Putting aside the obvious point that, of course, no one can really return to the actual early Church, Acts reminds us that the early Church might not have been that purer, simpler, and truer Church that we like to imagine. Indeed, the scene described in our reading from Acts today suggests that the early days of the Church were rather chaotic and confusing. Nothing was settled, The Church didn’t really have an organizational structure or leader. Doctrines were not yet set. And there were lots of competing voices, all claiming to know the truth about Jesus and to represent the one true faith.

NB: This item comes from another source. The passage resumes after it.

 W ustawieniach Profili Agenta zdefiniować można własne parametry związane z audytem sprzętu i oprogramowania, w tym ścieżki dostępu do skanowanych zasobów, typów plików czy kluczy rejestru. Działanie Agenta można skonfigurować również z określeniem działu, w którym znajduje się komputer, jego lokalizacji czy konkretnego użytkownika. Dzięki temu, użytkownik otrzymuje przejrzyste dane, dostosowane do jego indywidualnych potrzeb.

In a setting like that, the questions proliferated. Who was Jesus, exactly? Was he really the Messiah? Was he a demi-god? A prophet? Who were the people of God after Jesus? Were the Jews still the people of God? Did the Gentiles fit in here somewhere? Were they a people of God? How was one to know? Moreover, what were earnest Christians to make of all those competing voices, each asserting that they had the truth? Which one was right? And who could be trusted with getting the word out about the Good News? Who would reliably spread that word as a matter of faith, and not for profit or power?
This scene in Acts reminds me of our own time. These days, voices constantly compete with one another to claim that they have the truth, they know the mind of God, they are the true church. And just like the disciples in Jesus’s day, we want to know how we are to know. How are we to ferret out which voices are truly speaking the Gospel of Jesus Christ? How can we tell them apart from charlatans who pretend to speak on behalf of the Gospel but, in fact, draw on the name of Jesus only to benefit themselves?

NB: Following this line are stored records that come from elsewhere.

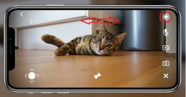 赤レーザー、猫じゃらしをオンにし、画面を左右に触ると、赤レーザー、猫じゃらしが同期し動きます。ペットに興味を与え、一緒に遊ぶことができます。
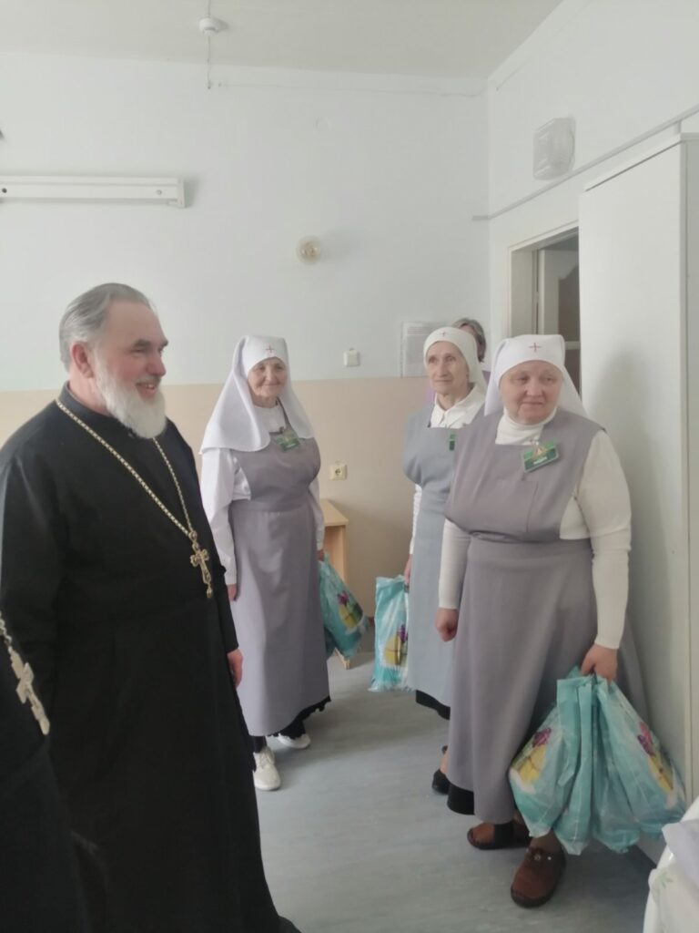 23 апреля 2025 года благочинный Дрогичинского округа, настоятель прихода храма прп. Евфросинии Полоцкой в г. Дрогичине протоиерей Иоанн Пинчук с сёстрами сестричества милосердия, действующего при храме, вместе с иереем Леонидом Коледой, настоятелем прихода храма Пресвятой Богородицы в агрогородке Радостово, посетили Радостовскую сельскую больницу, отделение социальных коек.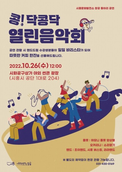 공연 당일에는 시흥문화발전소 창공에서 진행된 ‘콩닥콩닥 핸드드립’ 교육 수료생이 일일 바리스타가 돼 특별한 ‘핸드드립 커피 시음회’를 운영하는 부대행사가 마련된다.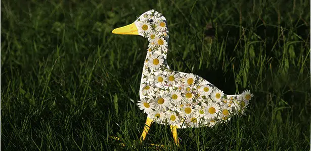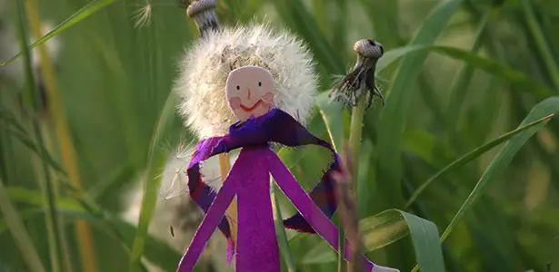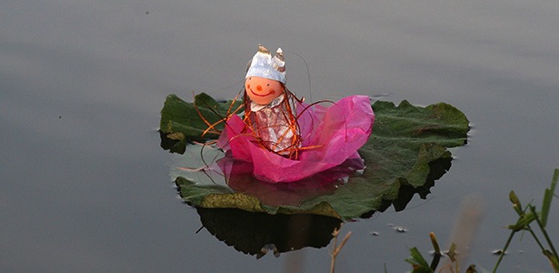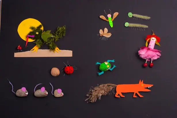 Bei den Büchern ist meistens erst einmal ein Thema da. Ein Verlag möchte zum Beispiel ein Buch über Naturbasteln machen. Dann schreibe ich eine Liste, was im Lauf der Jahreszeiten draußen wächst und schaue mich im Wald und auf der Wiese um. Beim Sehen entdecke ich meistens noch mehr. Da habe ich dann plötzlich so eine Idee, dass man aus Gänseblümchen auch eine Gans basteln könnte, oder dass eine Löwenzahnblüte aussieht wie ein Eidotter. Also die meisten Ideen entstehen direkt beim Machen. Ich habe in meinem Atelier alles Mögliche gesammelt: Zweige, Stoffe, Korken, schöne Papiere…, außerdem habe ich Farben, Pinsel, Leinwände und ein kleines Fotostudio. Dort baue ich meine Objekte zusammen, verändere sie oft noch, und dann fotografiere ich. Entweder im Studio oder manchmal auch draußen. Meine Ideen bespreche ich dann mit einer Lektorin aus einem Verlag, und wenn die alles gut findet, dann werden die Seiten zusammengestellt und layoutet, bevor es dann zum Drucken geht.

Well, it turns out that the disciples had similar questions. When we encounter them today in John, they are pressing Jesus about God. They want assurances about who and what God is. They also want to know that they know the truth about God. In short, they want to have certainty that they have all this right, just like so many of us today.
It seems unlikely that the answer that Jesus gave them was the one they were hoping for. What did he say? He told them that they already knew God because they knew Jesus. Put another way, Jesus said that they didn’t need something more or something else. Jesus was it. He was all there was and all they needed to know.
To be God’s people, then, was pretty straight forward. All they had to do was remember what Jesus did and do likewise. Feed the hungry. Take care of the widows and orphans. Welcome the stranger. Visit the incarcerated. Heal the sick. And they were to do it, not because it would save their eternal souls but because they wanted to know God.
I guess, in the end, it’s all pretty simple. If you want to know God, follow Jesus. If you want to know the truth, follow Jesus. Follow Jesus to the widow, the orphan, the stranger, the incarcerated, the sick and be the people of God. Moreover, if you think someone might be feeding you some hullabaloo instead of the Good News, watch what they do. Listen to what they say. If it doesn’t look or sound like Jesus, shake the dust from your feet and move on.